How to Add Custom CSS to WordPress (5 Methods)

How to Add Custom CSS to WordPress (5 Methods)

The fastest way to add custom CSS to WordPress is through Appearance → Customize → Additional CSS in your WordPress admin. This built-in method works on every WordPress site, survives theme updates, and takes effect immediately. For larger CSS customisations that you want to manage in files rather than the database, a child theme’s style.css is the more maintainable approach.

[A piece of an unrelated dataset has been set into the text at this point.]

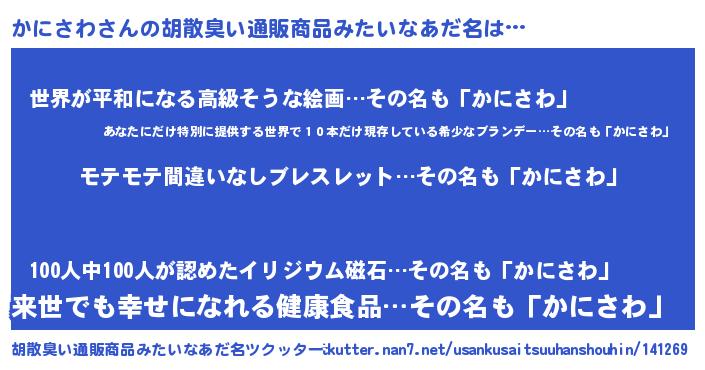 | 意味不明あだ名 | 『ペロリンかにさわ』『永久保存かにさわ』 |
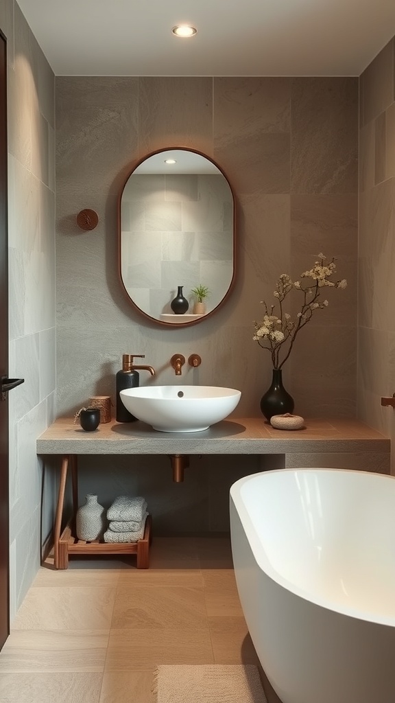 The plants bring a touch of nature indoors, enhancing the serene vibe. Gentle lighting from the fixtures highlights the smooth textures, making it feel warm and inviting. Each element is carefully chosen to make the bathroom a rejuvenating oasis.

Custom CSS lets you override your theme’s default styles — changing colours, fonts, spacing, layouts, visibility of elements, and responsive behaviour — without modifying theme files that would be overwritten during updates. Whether you want to change a button colour, hide an unwanted element, adjust mobile spacing, or restyle your navigation menu, custom CSS is the tool.

Method 1: WordPress Customizer (Easiest — Recommended for Small Changes)

WordPress includes a built-in CSS editor accessible through Appearance → Customize → Additional CSS. This is the fastest method and the one we recommend for most users making minor to moderate styling changes.

How to use it: Go to Appearance → Customize in your WordPress admin. Click “Additional CSS” in the left panel. Type or paste your CSS rules in the editor. The live preview on the right shows your changes in real time. When you are satisfied, click “Publish.”

Example: To change all H2 headings to blue, enter: h2 { color: #2563eb; }

Pros: Works on every WordPress site. No file access needed. Live preview shows changes before publishing. Survives theme updates (CSS is stored in the database, not in theme files). No plugins required.

Cons: For very large CSS additions (hundreds of lines), the editor becomes unwieldy. CSS is stored in the database, making it harder to version control or transfer between environments. All CSS loads on every page (no per-page targeting without media queries or body classes).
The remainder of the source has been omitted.